Wednesday, September 17, 2014

The Secret War Of ISIS

     The phenomenal growth of ISIS, from a ragtag gang of not much more than street thugs, to an organized army with over 30,000 members that have gained control of over a third of Iraq proper, has been a spectacle to behold. The more spectacular aspect of the "radicalize or die" mentality that has overtaken much of the Middle East in the last 6 years is the ineptness and fecklessness of Barack Obama to properly deal with the threat when it was much more manageable, only a few short months ago.
     ISIS now has a huge portfolio of oil holdings in the Middle East, which not only supplies it with the cash necessary to rain down terror on anyone they label as an infidel, but the power to fight an economic war against the United States.
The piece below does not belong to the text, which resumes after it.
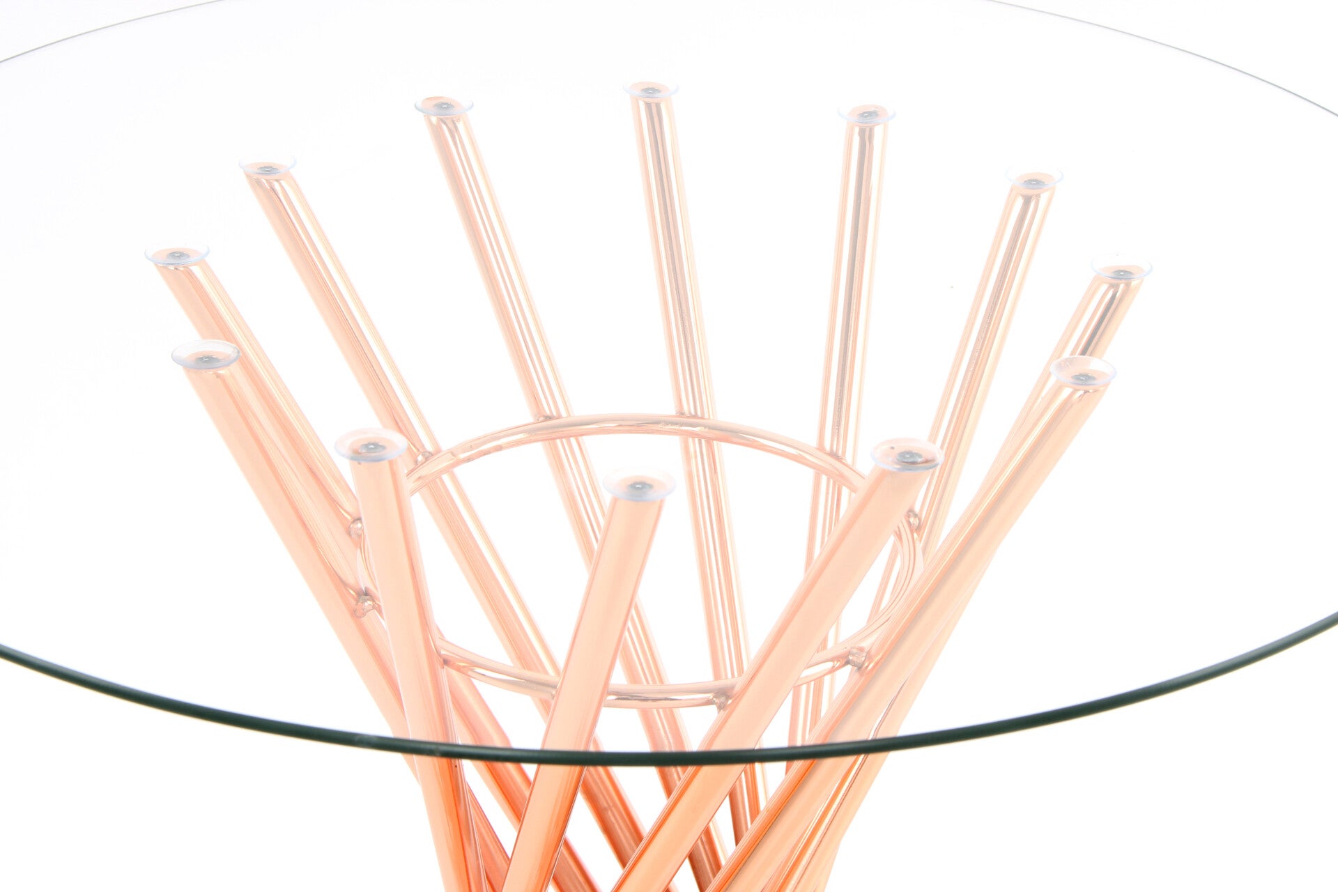 Noble moderne bijzettafel Deze elegante bijzettafel maakt indruk met zijn ronde glazen tafelblad en stijlvol gedraaid metalen frame. Het nobele kleurdesign geeft je huis een luxueus karakter, in welke ruimte je de tafel ook plaatst. Zowel in de woonkamer als in de entree is de bijzettafel een decoratief meubelstuk dat ook praktische opbergruimte biedt. Plaats elegante decoraties zoals schalen, vazen of beeldjes op de kleine tafel en creëer een nobele sfeer in de kamer waarin u zich prettig voelt. De werkelijke kleur van de tafel kan afwijken van de foto's.

The oil arm of ISIS has contracted with many European countries to sell them oil at $15 a barrel, far below the $90+ a barrel it has recently traded for on the open market.
     The collapsing of the oil market will have an economically devastating effect on the U.S. and its ability to defeat an enemy that grows not only in military might every day, but also in its influence throughout the financial markets. Mention of this unspoken war being waged by ISIS is nowhere to be found in the main stream media, but some in the investment community have begun to murmur about it.
     Some may say, "Good, we need cheaper oil." But this large of a precipitous fall in oil prices could have a ripple effect throughout financial markets that could rival the collapse of 2008. The costs of exploration, drilling, and extraction have continued to rise, and will not fall with the artificial discounting of the barrel price. The U.S. oil industry could be severely curtailed because the costs of production will be so much greater than the price for which they can sell their product. Thousands of jobs would be loss and many smaller drillers would be forced out of business, causing a collapse of the stock market.
     Of course the ability of ISIS to wage this economic war successfully against the United States is predicated upon their continued survival and growth. And that growth is dependent on the action, or inaction, of the United States government and its allies with regards to ISIS. If they are allowed to gain control of Iraq (the country with the fourth largest oil reserves in the world) through inaction or limited action by the Obama administration, we are in for a long and economically brutal campaign, matched only by their physical barbarism on and off the battlefield.